Data shown:
*** Begin section ***

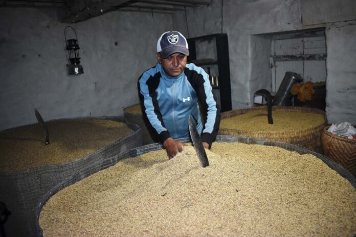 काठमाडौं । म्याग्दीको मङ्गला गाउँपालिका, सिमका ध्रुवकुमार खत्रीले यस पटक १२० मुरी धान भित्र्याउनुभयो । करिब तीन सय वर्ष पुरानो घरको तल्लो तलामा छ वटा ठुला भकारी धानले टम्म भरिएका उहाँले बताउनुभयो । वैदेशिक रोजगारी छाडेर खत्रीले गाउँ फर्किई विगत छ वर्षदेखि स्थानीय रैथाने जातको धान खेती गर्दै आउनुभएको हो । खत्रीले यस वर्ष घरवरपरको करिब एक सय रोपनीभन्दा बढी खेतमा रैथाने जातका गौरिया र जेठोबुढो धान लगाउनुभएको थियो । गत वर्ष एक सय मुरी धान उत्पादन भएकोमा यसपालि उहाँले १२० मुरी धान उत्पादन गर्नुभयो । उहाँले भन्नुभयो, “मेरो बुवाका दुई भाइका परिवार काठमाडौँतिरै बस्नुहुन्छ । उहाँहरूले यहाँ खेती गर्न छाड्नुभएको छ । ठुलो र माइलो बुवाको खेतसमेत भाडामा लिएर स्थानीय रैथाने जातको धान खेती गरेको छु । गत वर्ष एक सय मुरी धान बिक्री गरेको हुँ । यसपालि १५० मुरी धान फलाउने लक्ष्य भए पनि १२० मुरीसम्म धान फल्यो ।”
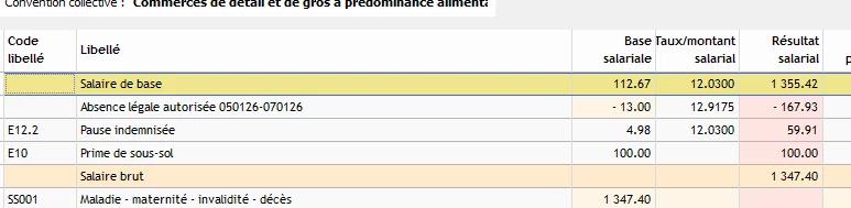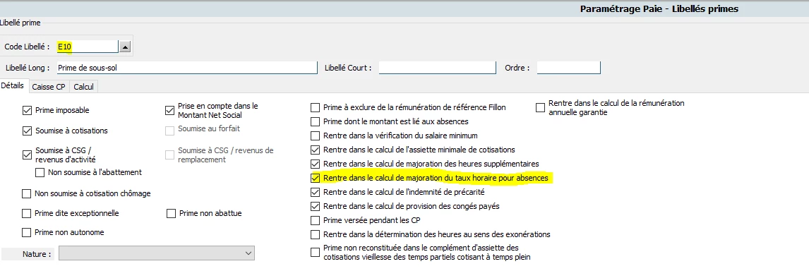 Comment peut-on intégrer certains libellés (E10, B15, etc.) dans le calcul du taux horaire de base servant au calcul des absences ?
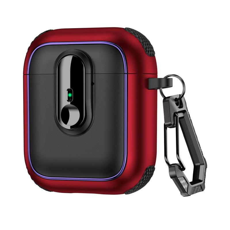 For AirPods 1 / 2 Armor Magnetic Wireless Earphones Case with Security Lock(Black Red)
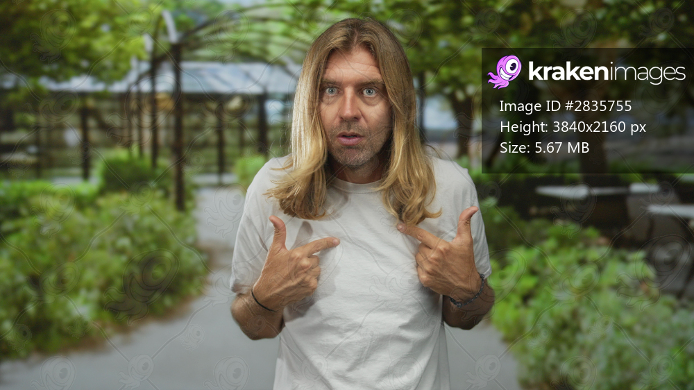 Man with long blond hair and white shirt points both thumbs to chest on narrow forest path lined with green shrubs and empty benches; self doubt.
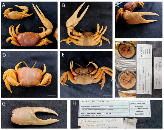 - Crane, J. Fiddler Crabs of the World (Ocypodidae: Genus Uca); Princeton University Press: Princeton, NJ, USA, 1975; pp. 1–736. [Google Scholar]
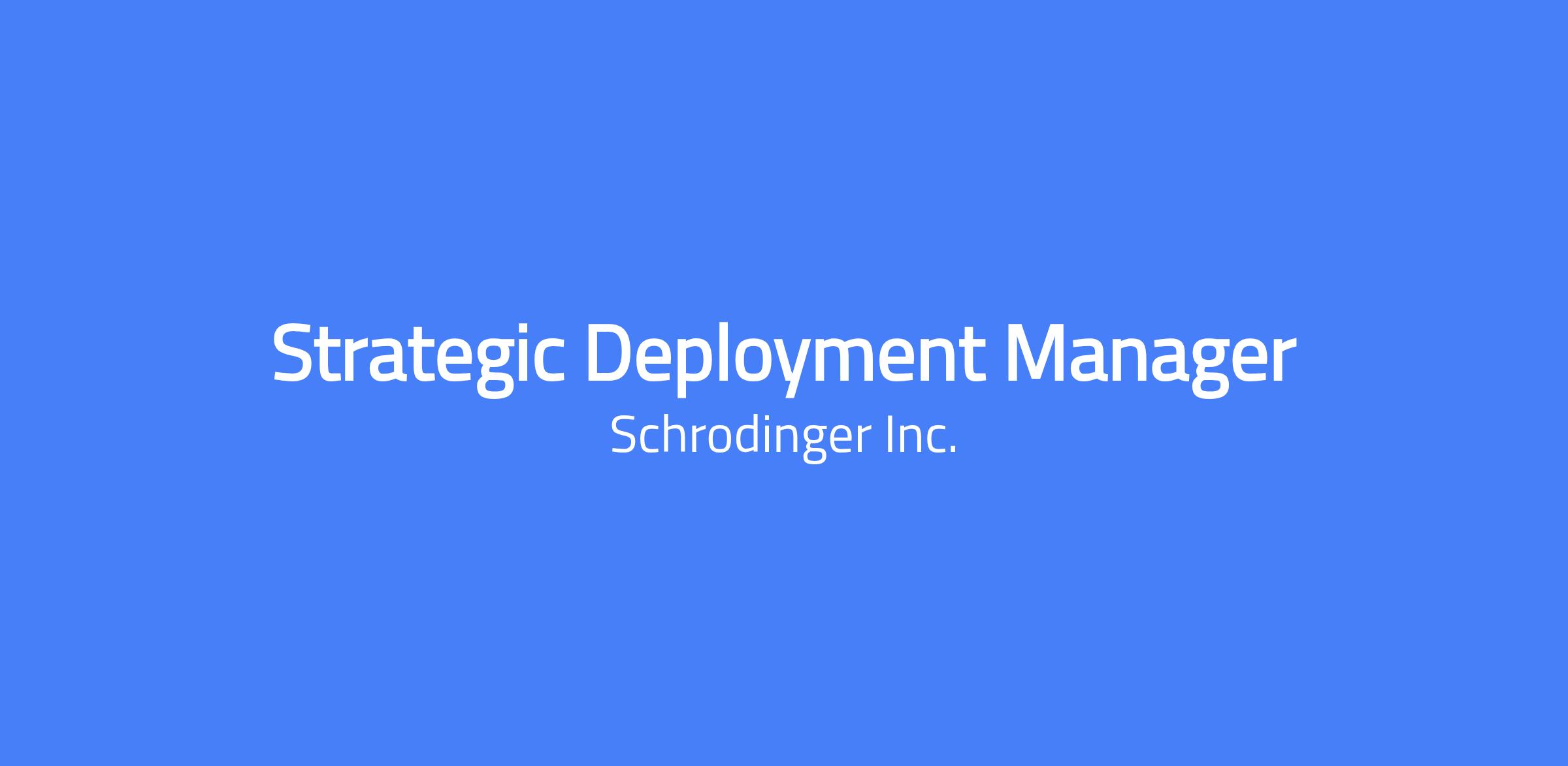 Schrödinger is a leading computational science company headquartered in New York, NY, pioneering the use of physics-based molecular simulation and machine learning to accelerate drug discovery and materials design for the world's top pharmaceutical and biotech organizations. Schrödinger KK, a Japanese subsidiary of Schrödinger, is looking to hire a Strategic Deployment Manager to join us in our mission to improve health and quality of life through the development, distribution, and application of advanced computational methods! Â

*** End section ***

Requirement: Reproduce exactly, and only, the lines from the one holding "- Crane, J." through the final line of the entries. Do not include the pictures.

Final answer:
 - Crane, J. Fiddler Crabs of the World (Ocypodidae: Genus Uca); Princeton University Press: Princeton, NJ, USA, 1975; pp. 1–736. [Google Scholar]
 Schrödinger is a leading computational science company headquartered in New York, NY, pioneering the use of physics-based molecular simulation and machine learning to accelerate drug discovery and materials design for the world's top pharmaceutical and biotech organizations. Schrödinger KK, a Japanese subsidiary of Schrödinger, is looking to hire a Strategic Deployment Manager to join us in our mission to improve health and quality of life through the development, distribution, and application of advanced computational methods! Â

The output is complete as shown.